Exercise details. The task for the listing below is to write out exactly the lines starting at the one containing "6月12日晚,副校长井强山以" and ending at the one containing "Am zweiten Tag", both included. Pictures are to be omitted.

Source data.
↓↓↓
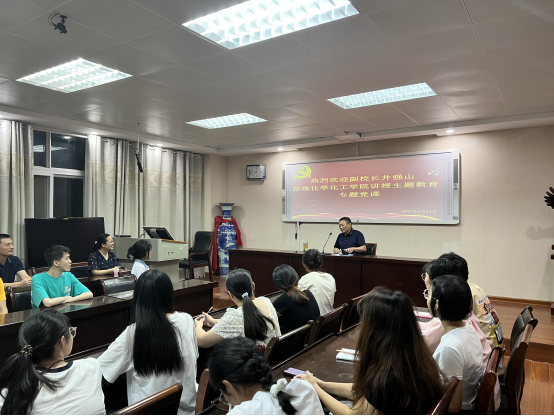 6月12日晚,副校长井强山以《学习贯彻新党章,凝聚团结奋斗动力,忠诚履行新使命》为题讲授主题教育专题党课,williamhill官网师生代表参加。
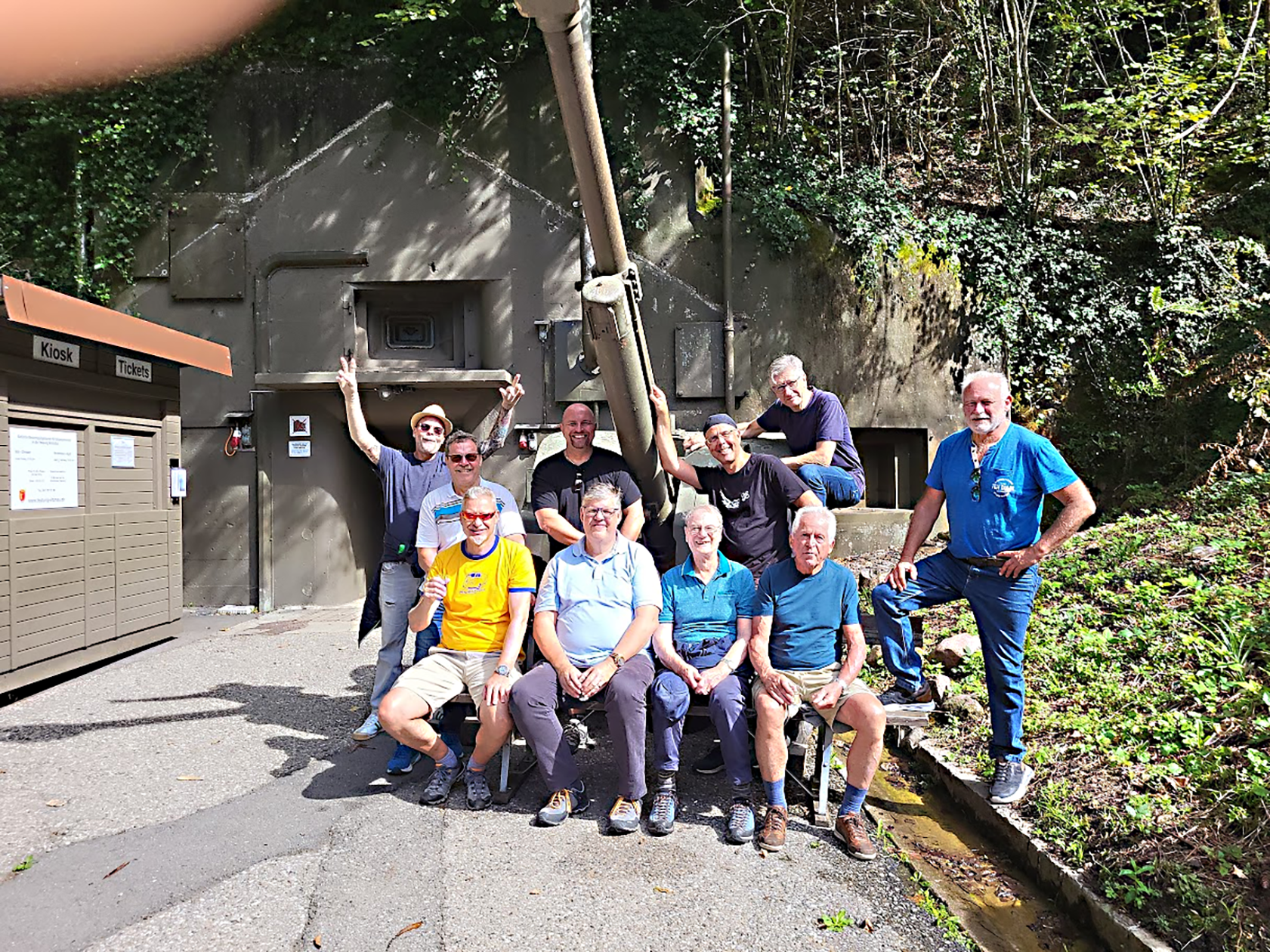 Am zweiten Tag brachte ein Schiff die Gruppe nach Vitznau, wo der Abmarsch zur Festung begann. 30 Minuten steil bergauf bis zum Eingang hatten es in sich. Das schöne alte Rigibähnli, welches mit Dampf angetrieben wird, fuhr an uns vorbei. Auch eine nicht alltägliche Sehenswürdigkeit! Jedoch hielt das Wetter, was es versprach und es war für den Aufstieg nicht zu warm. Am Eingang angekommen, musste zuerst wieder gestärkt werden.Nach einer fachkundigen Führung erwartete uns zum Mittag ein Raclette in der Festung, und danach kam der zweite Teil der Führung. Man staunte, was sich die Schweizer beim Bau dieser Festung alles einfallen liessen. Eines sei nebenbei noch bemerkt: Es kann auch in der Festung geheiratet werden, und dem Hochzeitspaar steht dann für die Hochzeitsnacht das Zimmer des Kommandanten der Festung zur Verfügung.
↑↑↑
↓↓↓
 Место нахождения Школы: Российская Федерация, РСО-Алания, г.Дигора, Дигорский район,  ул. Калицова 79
↑↑↑
Exercise output.
 6月12日晚,副校长井强山以《学习贯彻新党章,凝聚团结奋斗动力,忠诚履行新使命》为题讲授主题教育专题党课,williamhill官网师生代表参加。
 Am zweiten Tag brachte ein Schiff die Gruppe nach Vitznau, wo der Abmarsch zur Festung begann. 30 Minuten steil bergauf bis zum Eingang hatten es in sich. Das schöne alte Rigibähnli, welches mit Dampf angetrieben wird, fuhr an uns vorbei. Auch eine nicht alltägliche Sehenswürdigkeit! Jedoch hielt das Wetter, was es versprach und es war für den Aufstieg nicht zu warm. Am Eingang angekommen, musste zuerst wieder gestärkt werden.Nach einer fachkundigen Führung erwartete uns zum Mittag ein Raclette in der Festung, und danach kam der zweite Teil der Führung. Man staunte, was sich die Schweizer beim Bau dieser Festung alles einfallen liessen. Eines sei nebenbei noch bemerkt: Es kann auch in der Festung geheiratet werden, und dem Hochzeitspaar steht dann für die Hochzeitsnacht das Zimmer des Kommandanten der Festung zur Verfügung.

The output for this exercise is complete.